■ **Data supplied**

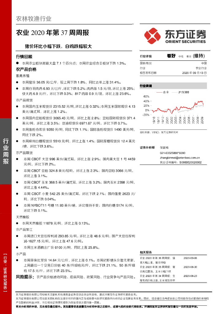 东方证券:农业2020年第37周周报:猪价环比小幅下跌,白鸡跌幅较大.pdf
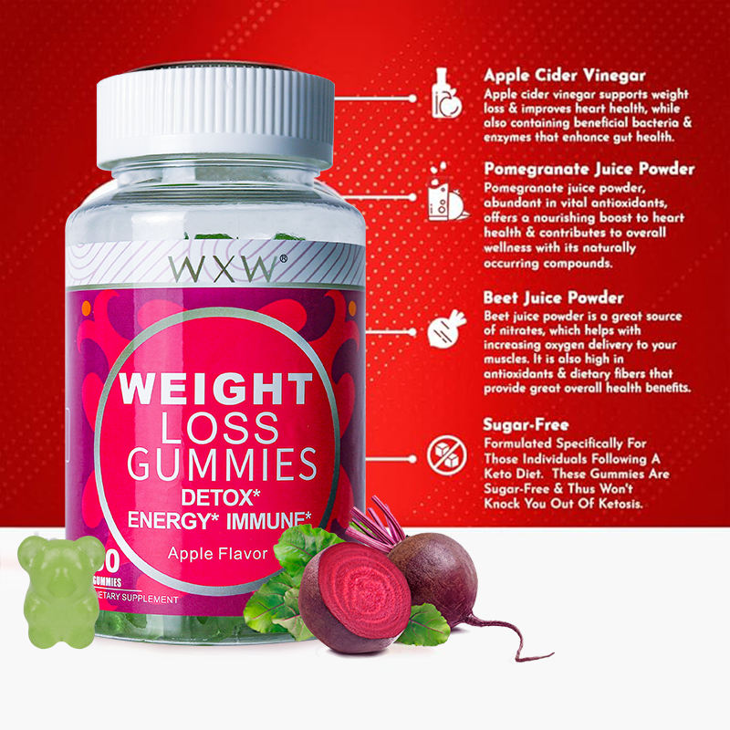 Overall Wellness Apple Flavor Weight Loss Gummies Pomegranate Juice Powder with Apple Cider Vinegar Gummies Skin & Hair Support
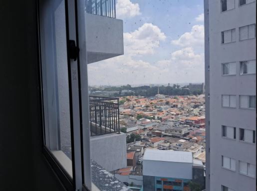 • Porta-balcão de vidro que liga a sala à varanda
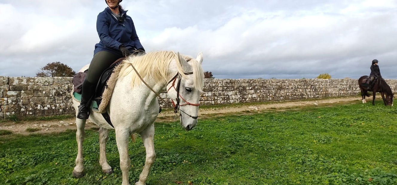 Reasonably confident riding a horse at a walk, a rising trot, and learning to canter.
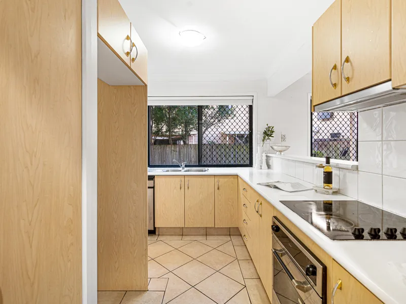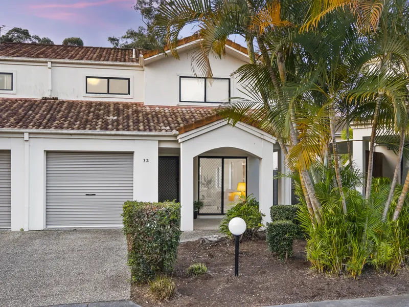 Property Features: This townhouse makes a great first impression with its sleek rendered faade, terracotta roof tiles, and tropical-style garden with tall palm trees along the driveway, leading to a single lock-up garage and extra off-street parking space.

...

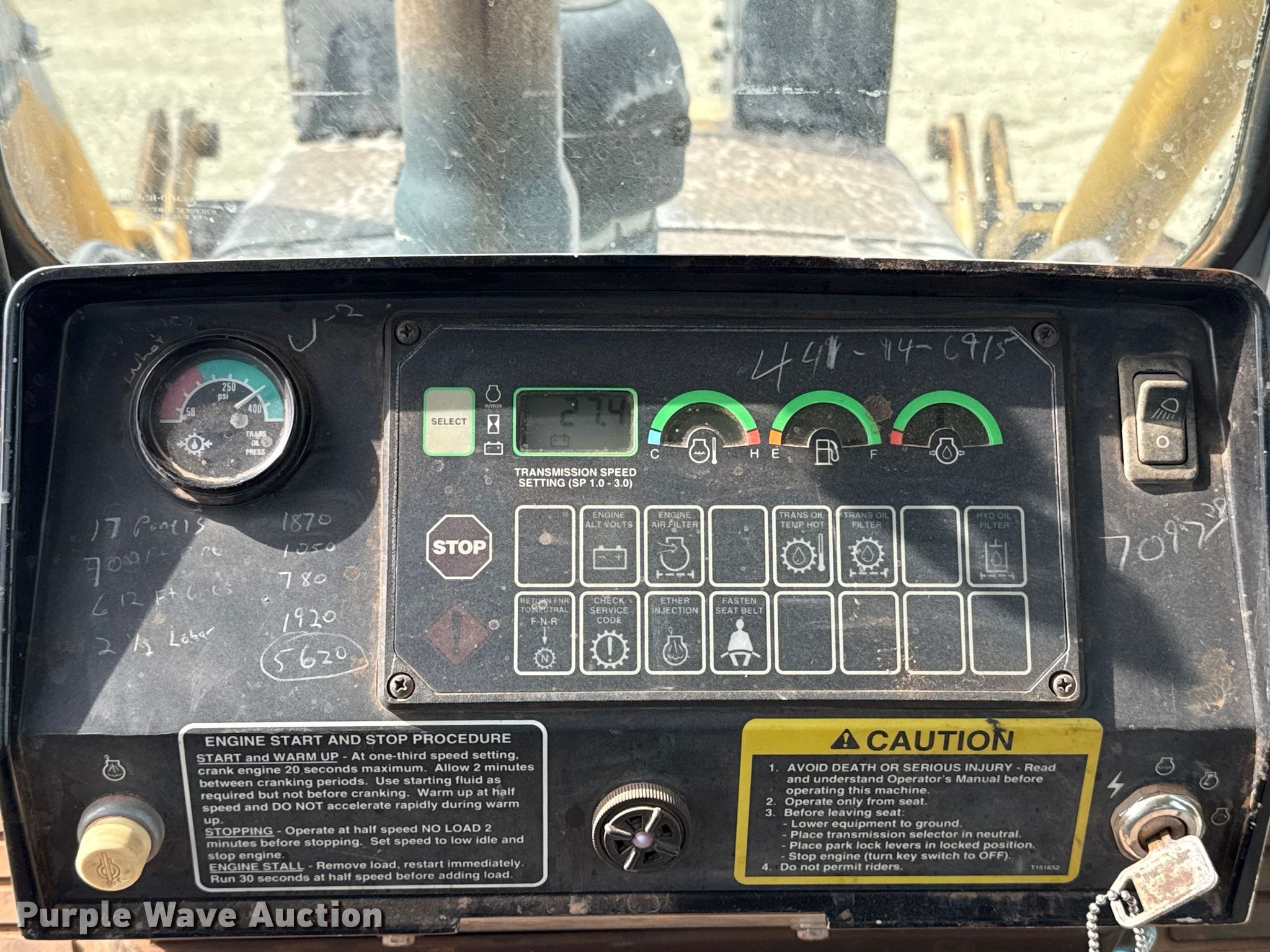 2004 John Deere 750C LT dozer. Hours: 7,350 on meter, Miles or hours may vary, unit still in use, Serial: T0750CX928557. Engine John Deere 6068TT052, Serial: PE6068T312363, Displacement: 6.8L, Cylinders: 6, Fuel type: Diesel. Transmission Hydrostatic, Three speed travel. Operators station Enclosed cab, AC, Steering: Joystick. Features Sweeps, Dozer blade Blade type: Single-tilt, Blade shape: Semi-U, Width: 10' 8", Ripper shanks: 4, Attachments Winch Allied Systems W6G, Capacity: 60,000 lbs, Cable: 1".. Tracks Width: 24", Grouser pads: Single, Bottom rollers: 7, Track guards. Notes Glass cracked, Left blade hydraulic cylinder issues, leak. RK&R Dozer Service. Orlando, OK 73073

--

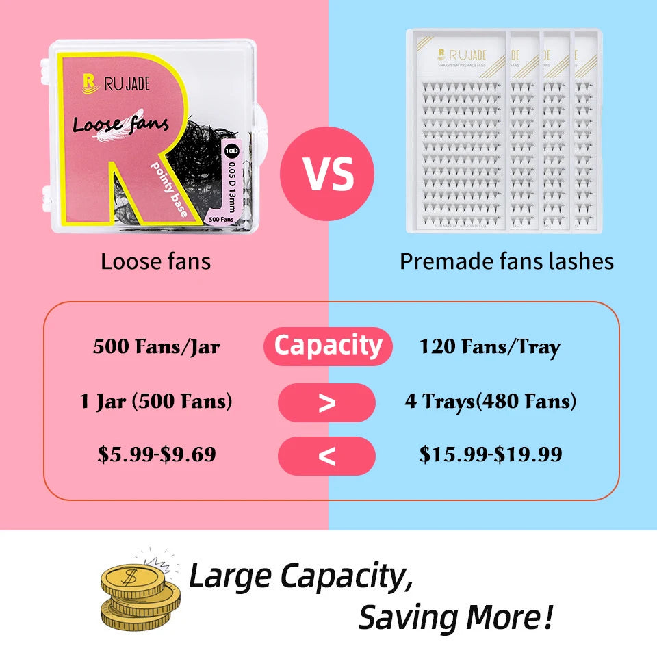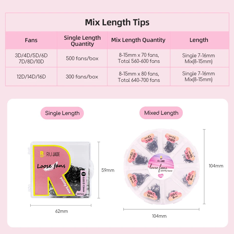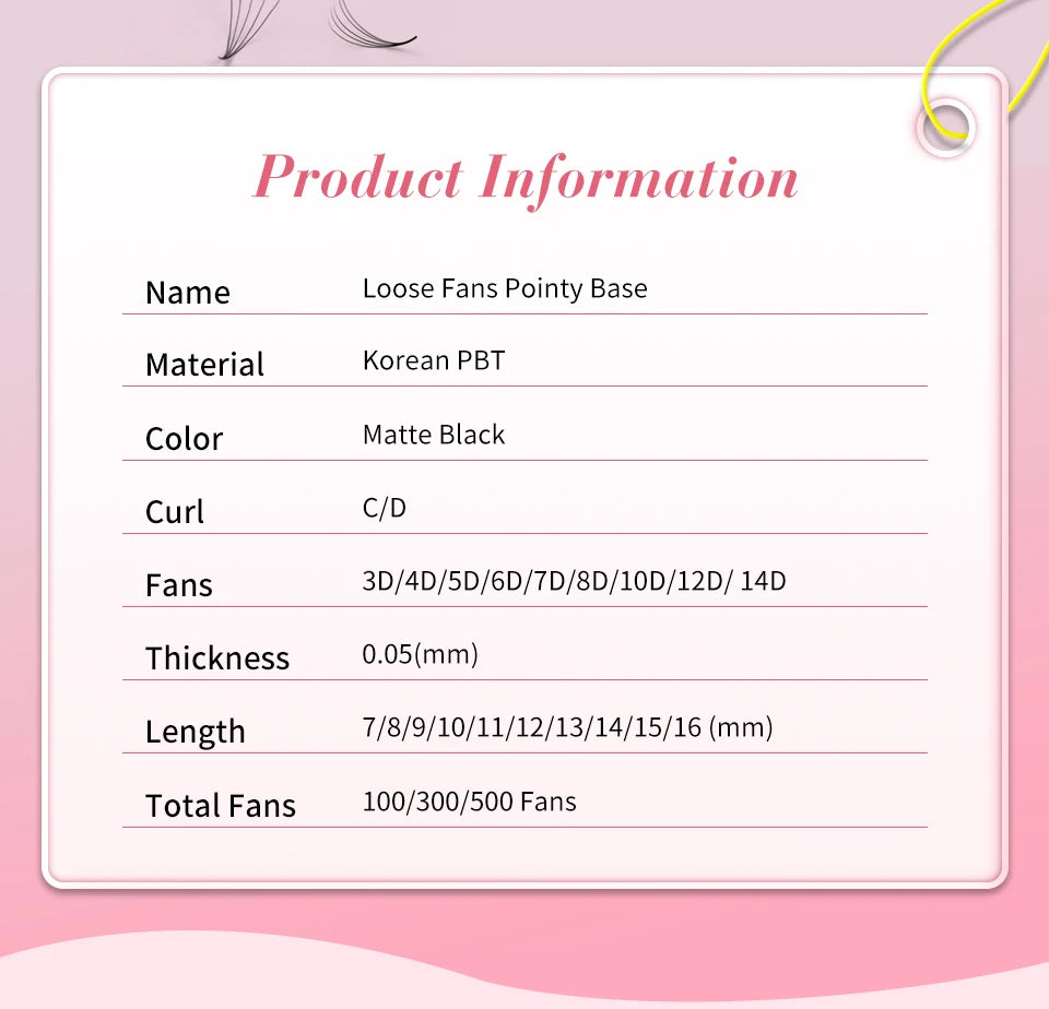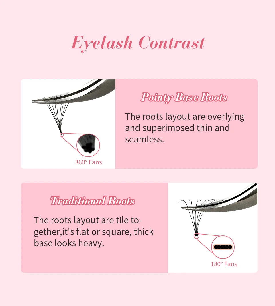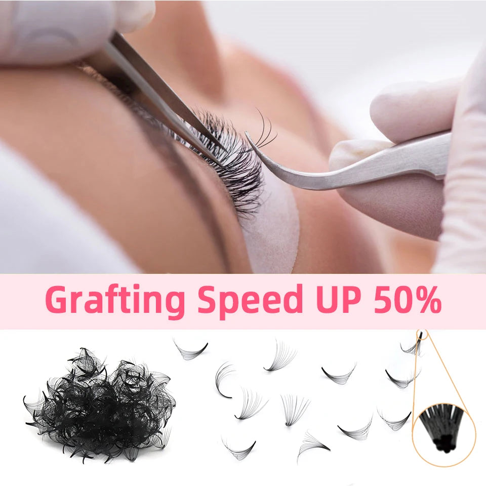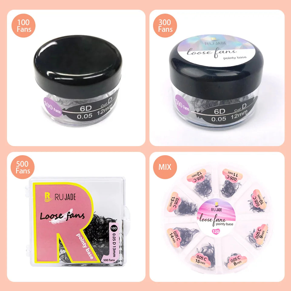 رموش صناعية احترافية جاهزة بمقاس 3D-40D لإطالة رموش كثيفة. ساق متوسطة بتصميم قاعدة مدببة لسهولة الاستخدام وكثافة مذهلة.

■ **Task objective**
Among the entries above, take the lines from the one with "Reasonably confident riding" through the one with "Property Features: This" and retype them exactly, leaving out the pictures.

■ **Finished task**
 Reasonably confident riding a horse at a walk, a rising trot, and learning to canter.
 Property Features: This townhouse makes a great first impression with its sleek rendered faade, terracotta roof tiles, and tropical-style garden with tall palm trees along the driveway, leading to a single lock-up garage and extra off-street parking space.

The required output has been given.